Autopsies revealed that all the victims died from asphyxiation. This quashed rumors that victims had been trampled to death. Also, some electric clocks were found in the rubble stopped at 1:50 showing that power had been on during the fire and that a total blackout had not occurred.

The source of the fire initially appeared to be the nursery of the bowling alley, which was located in the basement under the clothing store. The exact location of the start of the fire proved to be very important, since it determined whether New York or Connecticut authorities had responsibility for the final investigation.

Peter J. Leonard of Greenwich, an unemployed laborer and high school dropout who was 22 years old, was arrested by Connecticut authorities on July 12, 1974 on charges of setting the fire. Authorities stated that he was a frequent patron of the bowling alley and had been there early in the evening and then left when the alleys closed, returning later through a rooftop skylight with the intention of burglarizing the business. On July 16, it was announced that final building surveys revealed that the part of the nursery where the fire was set as well as the skylight where Leonard entered the alleys were both in New York State.

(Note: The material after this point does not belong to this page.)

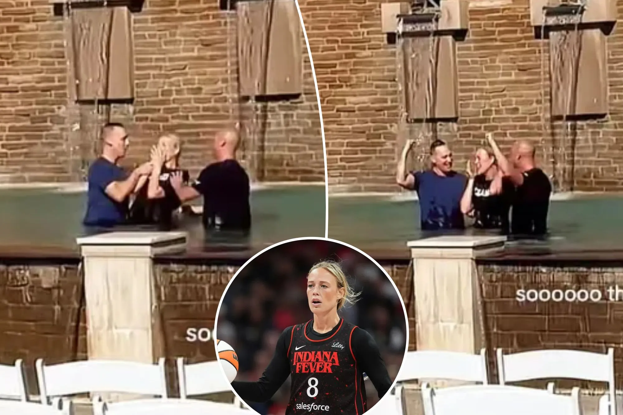 Sophie Cunningham emerges from the holy water during her second baptism. TikTok @sophiecham

The bowling alley where the fire started had gone without government fire inspections for five years before the fire. The cause of this lapse appeared to be an agreement written in 1961 from the Connecticut State Fire Marshal to both municipalities involved that was forgotten about after the retirement of a Port Chester fire inspector in 1969. The agreement stated that Port Chester would take responsibility for inspecting the bowling alley because most of it was in New York State. Officials in Port Chester questioned the legality of the agreement after the fire, saying the parties who drew it up had no legal authority to do so.

==Legal process==
===Criminal===
Once it was determined that the fire was set in New York, extradition was sought to bring the suspect from Connecticut to New York. Leonard waived extradition and was indicted by a Westchester County Grand Jury on July 30 on 28 counts, consisting of 24 murder charges (one for each victim), arson, burglary and two counts of petit larceny. The theory of the crime was that Leonard had burglarized some cigarette vending machines in the bowling alley and set the fire to cover up the burglary.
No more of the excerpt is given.